Gerade als beide die Tür verschlossen hatten, hörten sie Stimmen. »So'n Mist. Hab die Kleine nicht gefunden. Nur eine von den drei Mistgören und grad auch noch die, die uns gar nicht bringt.« »Such weiter. Sie können nicht weit weg sein!«, erwiderte eine andere Stimme genervt. »Kurai?« »Mhhh?«, erwiderte diese nur. »Wir müssen hier weg! Sie wollten uns, nicht Misaki. Lass uns gehen.« Liyu riss die Tür auf und rannte hinaus. »Mädchen!« Beide zuckten zusammen, erblickten jedoch das Gesicht von Miss Nemoto. »Ihr wollt doch nicht nach draußen? Ella meinte, da draußen befindet sich ein Wolf und er hat bereits kleine Kinder gerissen. Ich könnte es nicht übers Herz bringen, dass er euch auch bekommt.« Kurai senkte den Kopf. »Nicht doch«, sagte Liyu. »Wir erklären es später Miss Nemoto.« Zusammen mit Kurai rannte sie weiter und ließen Misss Nemoto hinter sich. Bald schon fühlten sich Liyu sicher, doch Kurai war beunruhigt. »Ich denke nicht wir sollten stehen bleiben, Liyu. Ich habe ein schlechtes Gefühl bei der Sache.« »Ich denke dieses Gefühl ist berechtigt. Ich hab euch endlich gefunden. Kein Ausweg. Kein Weglaufen. Wobei ich doch zugeben muss, dass ich nie einen Gedanken gehegt habe, meine eigene Schwester zu töten.
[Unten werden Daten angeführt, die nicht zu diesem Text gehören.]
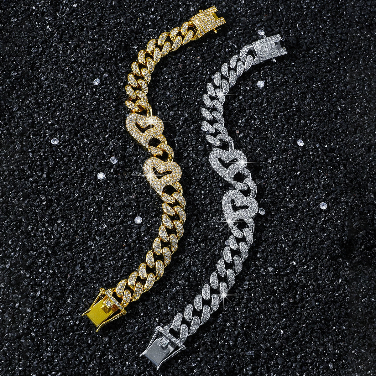 Unisex Hiphop Style Alloy Chain Bracelet With Love Stitching And Geometric Pattern Electroplated
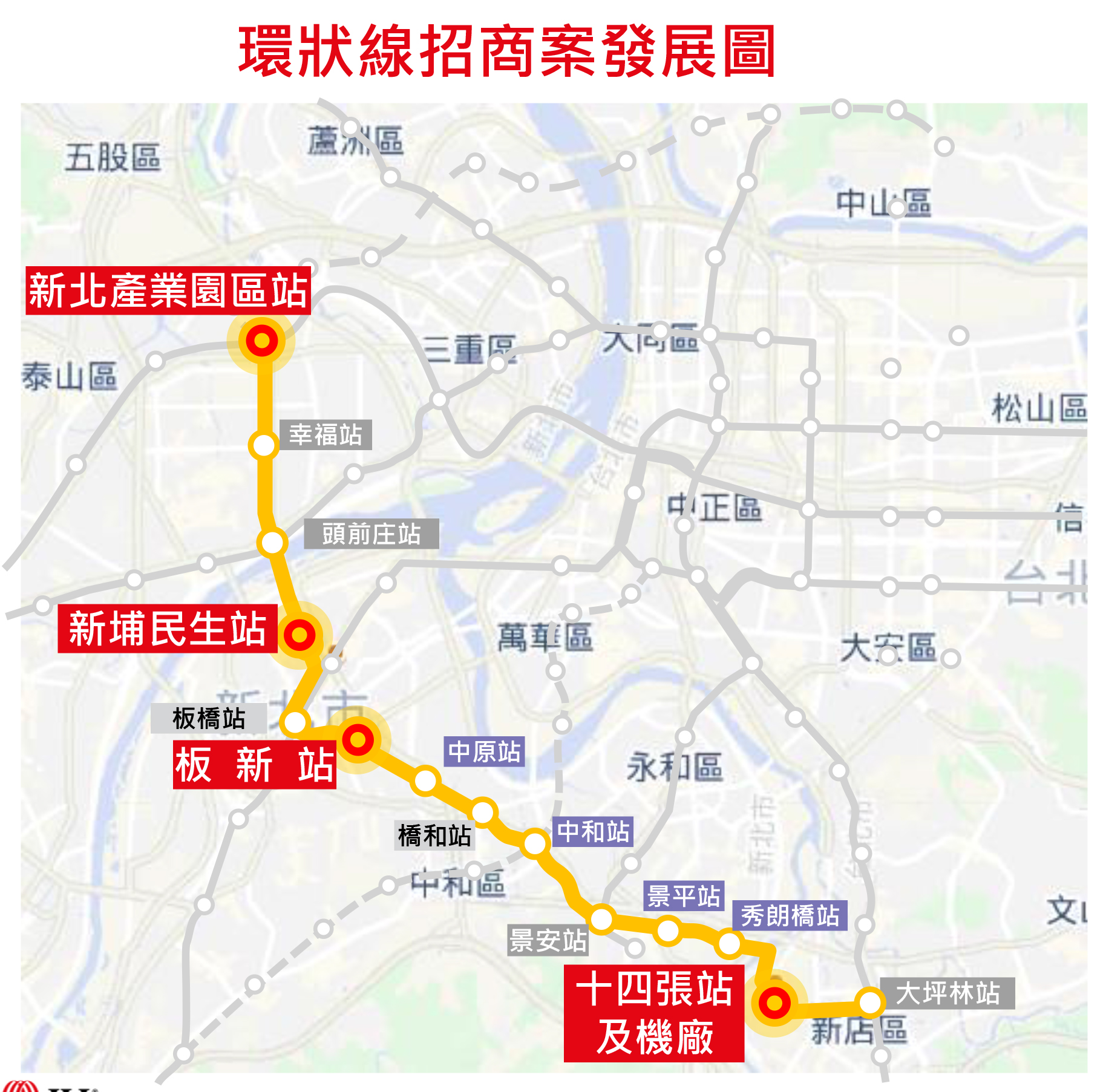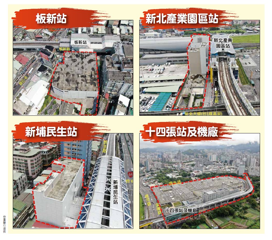 此外,委由仲量聯行擔任招商顧問的四站,分別是板新站、新埔民生站、新北產業園區站,以及十四張站及機廠(如附圖)。

Dabei habe ich den Tee mit dir so genossen Liyu, auch wenn ich mich verstellen musste.« Die junge Frau hob ein Schwert an. »Doch nun ist das ganze Spiel vorbei!« Die schwere metallische Klinge sauste nach unten. Doch fiel neben sie. Die junge Frau gab nur ein leisen Laut von sich und fiel zu Boden. Die beiden Mädchen begegneten erneut eine befreundeten Gestalt: Valerie. »Zum Glück habe ich habe es reichtzeitig geschafft mich zu verarzten und hier zu sein. Die Wunden sind nicht sehr schlimm, ich werd also wieder. Nun aber zum wesentlichen. Lauft. Bitte Lauft. Hier läuft immer noch jemand herum, der euch beide umbringen will. Ich werde Zeit für euch schinden, doch kann ich euch nichts versprechen. Und Liyu, ich werde Misaki einen schönen Ruheplatz geben. Versprochen. Nun geht. Jetzt rennt schon endlich!« Beide nickten und rannten. Doch Kurai rannte einen anderen Weg als Liyu. Sie rannte auf den Hof, zum Wolf. Sie schlug die Türen auf und lief langsam auf das wilde Tier zu.